Donnerstag, 5. März 2020

Schludrigkeit? Journalismus-Lektüre (Beobachtung der Beobachter 99 )

Beim Frühstück eine Zeitung zu lesen, wenn es einem gut schmeckt, bedeutet die Gefahr, zu einem trägen Leser zu werden. Das fiel mir auf, als ich den langen Riemen über den bayrischen Ministerpräsidenten in der Frankfurter Allgemeinen Sonntagszeitung (1.3.2020, S. 3) überflog - der Autor ist Timo Frasch, sein Text ist überschrieben:

"Der Kanzlermacher. Markus Söder kann von Bayern aus eine Menge bewirken. Warum sollte er da nach Berlin gehen?"

Ich las:

"Söders Hang zum Effekt verdeckt, dass er extrem fleißig ist. Er liest viel - und nicht nur das, was er von Amts wegen muss".

Klingt gut: er liest viel.
Wieviel liest er ? Was liest er? Was hat er mit wirklichem Interesse gelesen? Und was hat er behalten? Von welcher Lektüre hat er profitiert?

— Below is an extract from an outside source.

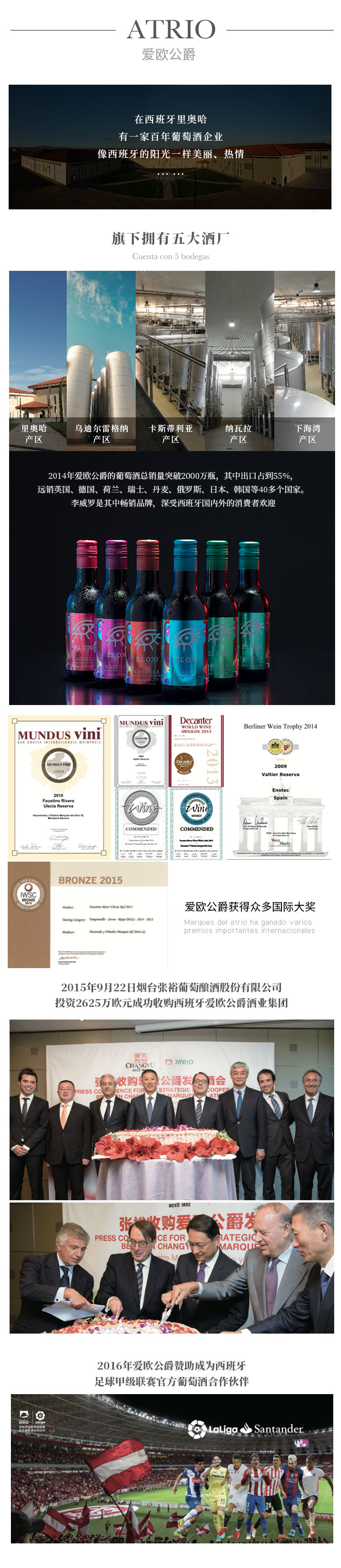 张裕先锋爱欧公爵世界之眼丹魄干红葡萄酒小瓶小支装小酒 187ml*6瓶 整箱礼盒装 西班牙进口红酒

Er liest viel. Klingt gut, sagt aber nichts. Ein Satz des Bluffs und der Schludrigkeit, vermute ich. Lesen ist eine zeitintensive Tätigkeit. Das Investment in einen unbekannten Text - ein Experiment der Neugier. Wilhelm Salber, mein Professor in Köln, ein Schnell- und Vielleser, sagte einmal, er könnte im Jahr höchstens 15 Bücher lesen. Wahrscheinlich dachte er an eine genaue Lektüre (mit Bleistift zum Exzerpieren). Er liest viel. Beinahe hätte ich's geglaubt.